NEW YORK (Reuters) - A majority of New Yorkers say a Muslim group has a right to build an Islamic center and mosque near the site of the September 11 attacks in Manhattan but think it should be built elsewhere, according to a poll released on Friday.
Most respondents think plans to build the center near the site known as Ground Zero are not appropriate, said the survey conducted among likely New York state voters by the Quinnipiac University Polling Institute.
Overall, the poll found 80 percent of respondents believe the Muslim group has the right to build the center near the site, while 15 percent do not think so. But 57 percent think the location is inappropriate, while 32 percent say it is appropriate.
Sixty-seven percent think the Muslim group should voluntarily build the center and mosque somewhere else, while 21 percent do not think so, it found.
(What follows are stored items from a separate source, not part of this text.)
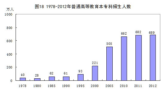 教育事業(yè)成績(jī)顯著。30多年來,黨中央、國務(wù)院堅(jiān)持教育優(yōu)先發(fā)展的戰(zhàn)略,不斷加大教育投入力度,深化教育領(lǐng)域綜合改革,大力促進(jìn)教育公平,取得了一系列成績(jī)。教育普及程度明顯提高,城鄉(xiāng)免費(fèi)九年義務(wù)教育全面實(shí)現(xiàn)。國民受教育程度大幅提升。6歲及以上人口平均受教育年限由1982年的5.2年提高到2012年的8.9年。2012年,普通高等教育本專科招生人數(shù)689萬人,比1978年增長16.1倍;在校生2391萬人,增長26.9倍;畢業(yè)生625萬人,增長36.9倍,較好地滿足了經(jīng)濟(jì)社會(huì)發(fā)展對(duì)各類人才的需求。
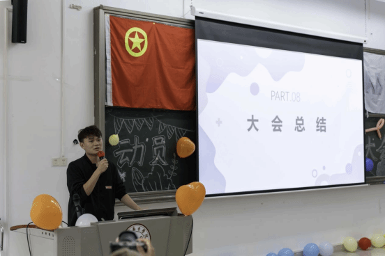 大会最后,员工第二党支部书记郭瀚阳老师与团委书记廖湘老师共同为“党团骨干结对小组”授旗,10组由党员骨干带领的团学小组正式成立,明确了“活动策划共参与、思想引领共落实”的工作目标。主持人在结束致辞中强调:“本次大会是‘党带团’工作的新起点,希望全体骨干以党员为榜样,在工作中勇挑重担。”
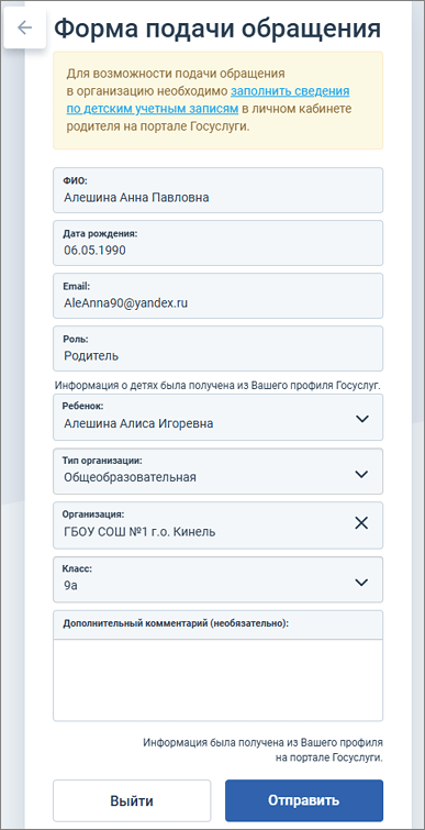 Часть полей в этой форме автоматически заполняются из профиля на портале Госуслуг (все эти поля обязательные): oФИО oДата рождения oE-mail oРоль oФИО ребёнка Пользователь заполняет вручную следующие поля: oОрганизация oКласс oДополнительный комментарий (необязательное поле). После нажатия кнопки «Отправить» - обращение сохраняется в системе и автоматически направляется сотрудникам выбранной школы.

The plans for a proposed Islamic center in downtown Manhattan have prompted widespread public debate.
Critics say the proposal is insensitive to the families of the nearly 3,000 people killed in the attacks, while supporters defend the right to build it.
The poll showed public opinion shifting in support of the right to build the center. A poll released in late August showed 54 percent of voters thought Muslims had the right to build it, while 40 percent did not think so.
That poll, taken by Quinnipiac among likely New York state voters August 23 to 29, found 71 percent thought the Muslim group should voluntarily build the center somewhere else, while 21 percent supported its planned location.
The controversy has become a campaign issue ahead of elections in November, when Republicans hope to take control of the U.S. Congress.
Opinion on the center was split along party lines, according to the latest poll. Among Republicans, 80 percent think the plans are wrong while 8 percent say the plans are appropriate. Among Democrats, 50 percent think the plans are appropriate and 34 do not, it found.
Quinnipiac conducted interviews with 751 New York state likely voters from September 16 to 20. The poll had a margin of error of plus or minus 3.6 percentage points.